Three days before Stuart had gone suddenly to Denver. He went with his friend Stoddard, regarding some of their arrangements for Montana. He had found only at the last minute that he would have to go, had hurriedly driven out from town to get his things and tell her he was going. He had been in the house only a few minutes and was all excitement about the unexpected trip. It was two days after their talk. After their moment of being swept together by the feeling of things gone he had, as if having to get a footing on everyday ground, ended the talk with saying: "I'll tell you, Ruth, you need a little change. We'll have to work it out." The next day they were both subdued, more gentle with each other than they had been of late, but they did not refer to the night before. After he had hurriedly kissed her good-by when leaving for Denver he had turned back and said, "And don't you worry—about things, Ruth. We'll get everything fixed up—and a little change—" He had hurried down to the machine without finishing it.

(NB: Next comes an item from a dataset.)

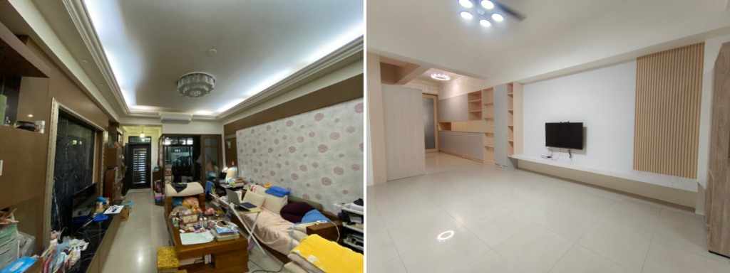 ▼明明就是同一棟房子、同一個空間,怎麼前後差別這麼大呢!裝潢設計根本就是魔法💫 💫天花板的裝飾條被拆除,更加現代感的俐落線條,讓我覺得空間不只大了一倍!

She had gone to the window and watched him disappear. He was sitting erect, alert, talking animatedly with his friend. She watched him as far as she could see him. She knew that she would not see him again.

And then she hitched up the horse and drove into town and telephoned Ted, who lived about fifty miles to the north. She told him that she was going East and asked him to come down the next day and see her.

She had known that Ted would not approve, would not understand, but she had not expected him to make the fight he had. It had taken every bit of her will, her force, to meet him. Worn now, and under the stress of the taking leave, at once too tired and too emotional, she wished that he would let it rest. But the grim line of his jaw told her that he had no such intention. She felt almost faint as they drove through the gate. She closed her eyes and did not open them for some time.

"You see, Ruth," Ted began gently, as if realizing that she was very worn, "you just don't realize how crazy the whole thing is. It's ridiculous for you to go to New York—alone! You've never been there," he said firmly.

"No. That is one reason for going," she answered, rather feebly.

"One reason for going!" he cried. "What'll you do when the train pulls in? Where'll you go?"

"I don't know, Ted," she said patiently, "just where I will go. And I rather like that—not knowing where I will go. It's all new, you see. Nothing is mapped out."

"It's a fool thing!" he cried. "Don't you know that something will happen to you?"

She smiled a little, very wearily. "Lots of things have happened to me, Ted, and I've come through them somehow." After a moment she added, with more spirit: "There's just one thing might happen to me that I haven't the courage to face." He looked at her inquiringly. "Nothing happening," she said, with a little smile.

He turned impatiently and slapped the horse with the reins. "You seem to have lost your senses," he said sharply.

He drove along in silence for a little. Ruth looked at him and his face seemed hard. She thought of how close she and Ted had come, how good he had been, how much it had meant. She could not leave him like this. She must make the effort, must gather herself together and try and make Ted see. "Perhaps, Ted," she began tremulously, "you think I have taken leave of my senses because you haven't tried very hard to understand just what it is I feel." She smiled wanly as she added, "You've been so absorbed in your own disapproval, you know."

"Well, how can I be any other way?" he demanded. "Going away like this—for no reason—on a wild goose chase! Isn't Stuart good to you?" he asked abruptly.

"Yes, Ted," she answered, as if she were tired of saying it, "Stuart is good enough to me."

"I suppose things aren't—just as they used to be," he went on, a little doggedly. "Heavens!—they aren't with anybody! And what will people say?" he broke out with new force. "Think of what people in Freeport will say, Ruth. They'll say the whole thing was a failure, and that it was because you did wrong. They'll say, when the chance finally came, that Stuart didn't want to marry you." He colored but brought it out bluntly.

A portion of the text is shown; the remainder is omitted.